■ **REQUIRED WORK**
Starting at the line that contains "Eğitimi Alaca Belediyesi" and ending at the line that contains "Kredi Yurtlar Kurumu", the lines below are to be given again exactly, with nothing added.

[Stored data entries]
::::::::::

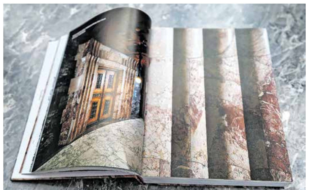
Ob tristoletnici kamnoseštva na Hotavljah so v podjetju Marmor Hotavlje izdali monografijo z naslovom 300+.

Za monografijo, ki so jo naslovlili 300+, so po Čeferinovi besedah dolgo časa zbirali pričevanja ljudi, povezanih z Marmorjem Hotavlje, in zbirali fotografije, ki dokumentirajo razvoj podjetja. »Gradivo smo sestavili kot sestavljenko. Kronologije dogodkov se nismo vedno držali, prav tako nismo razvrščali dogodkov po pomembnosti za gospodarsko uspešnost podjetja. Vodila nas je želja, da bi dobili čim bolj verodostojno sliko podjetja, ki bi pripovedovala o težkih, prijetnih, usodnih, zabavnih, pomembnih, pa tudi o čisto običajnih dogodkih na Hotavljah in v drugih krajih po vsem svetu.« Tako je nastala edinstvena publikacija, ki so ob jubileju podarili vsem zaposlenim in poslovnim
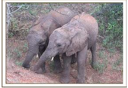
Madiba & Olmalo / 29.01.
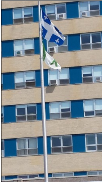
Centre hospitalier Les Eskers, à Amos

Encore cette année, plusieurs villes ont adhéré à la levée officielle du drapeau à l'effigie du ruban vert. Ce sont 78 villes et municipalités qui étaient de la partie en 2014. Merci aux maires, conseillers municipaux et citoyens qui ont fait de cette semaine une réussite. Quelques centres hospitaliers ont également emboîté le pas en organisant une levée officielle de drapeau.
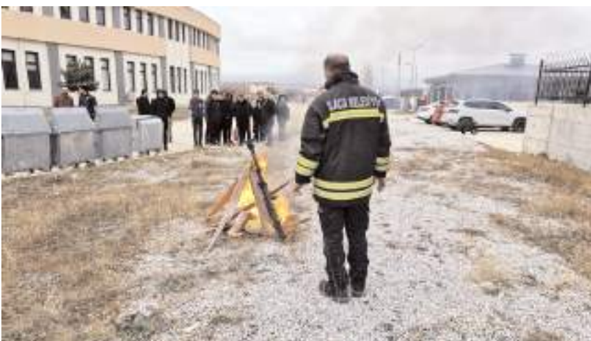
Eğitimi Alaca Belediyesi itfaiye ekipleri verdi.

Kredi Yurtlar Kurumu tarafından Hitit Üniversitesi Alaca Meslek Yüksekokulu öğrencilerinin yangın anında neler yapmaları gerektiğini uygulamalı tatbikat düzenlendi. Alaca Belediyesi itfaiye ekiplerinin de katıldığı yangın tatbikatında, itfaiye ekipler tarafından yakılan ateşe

::::::::::

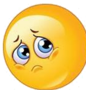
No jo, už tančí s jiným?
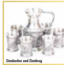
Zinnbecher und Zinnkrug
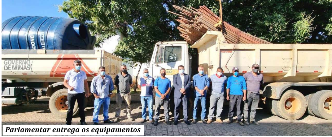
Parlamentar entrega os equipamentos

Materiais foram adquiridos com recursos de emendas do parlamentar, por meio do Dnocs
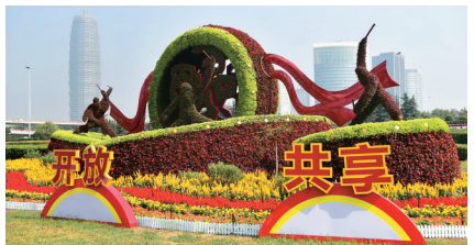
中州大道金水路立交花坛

::::::::::

■ **TASK OUTPUT**
Eğitimi Alaca Belediyesi itfaiye ekipleri verdi.

Kredi Yurtlar Kurumu tarafından Hitit Üniversitesi Alaca Meslek Yüksekokulu öğrencilerinin yangın anında neler yapmaları gerektiğini uygulamalı tatbikat düzenlendi. Alaca Belediyesi itfaiye ekiplerinin de katıldığı yangın tatbikatında, itfaiye ekipler tarafından yakılan ateşe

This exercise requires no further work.